Dynamics of particle-laden thin films [DELETED]

CNCS Seminar

Jeffrey Wong (Duke University, Mathematics)

Tuesday, April 24, 2018 -
3:00pm to 4:00pm
119 Physics

Under shear, particles suspended in a viscous fluid migrate due to the induced stresses, leading to dispersion of the particle phase. For a film flowing down an incline, particles are driven towards the free surface, which can lead to accumulation of particles at the leading front, even when the particles are negatively buoyant. We consider these dynamics in the lubrication limit for suspensions of moderate to dense concentrations, accounting for the non-uniform distribution of particles in the bulk of the fluid.

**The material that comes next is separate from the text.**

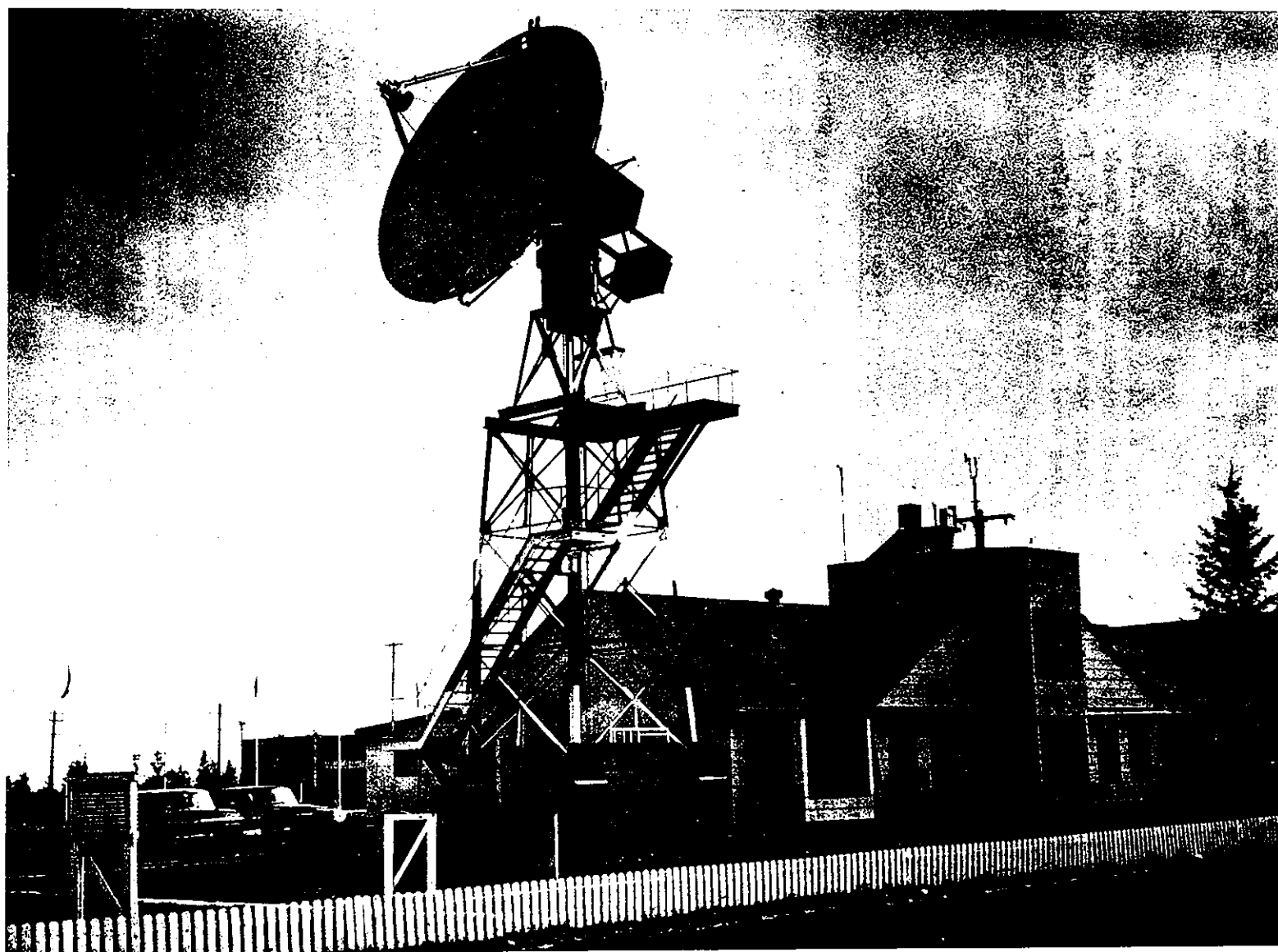
ALBERTA HAIL 10CM WEATHER RADAR AND FIELD PROJECT HEADQUARTERS BUILDING AT C.F.B. PENHOLD

Assuming a separation of time scales between the fast normal migration of particles and slower flow down the incline, the lubrication model yields a system of PDEs for the depth-integrated flow coupled to a diffusion equation for the particle equilibration in the normal direction. Depending on the distribution of particles, the mixture may either separate into distinct fronts or accumulate at a single particle-rich ridge. We explore how the particle distribution determines this behavior, and how shock solutions of the depth-integrated system can be used to describe the downstream dynamics. Of particular interest are singular shock solutions due to the accumulation of particles towards the maximum packing fraction, which introduces a degeneracy into the equation. The saturated ridge at high concentrations is considered in detail with the addition of surface tension, which regularizes the degeneracy.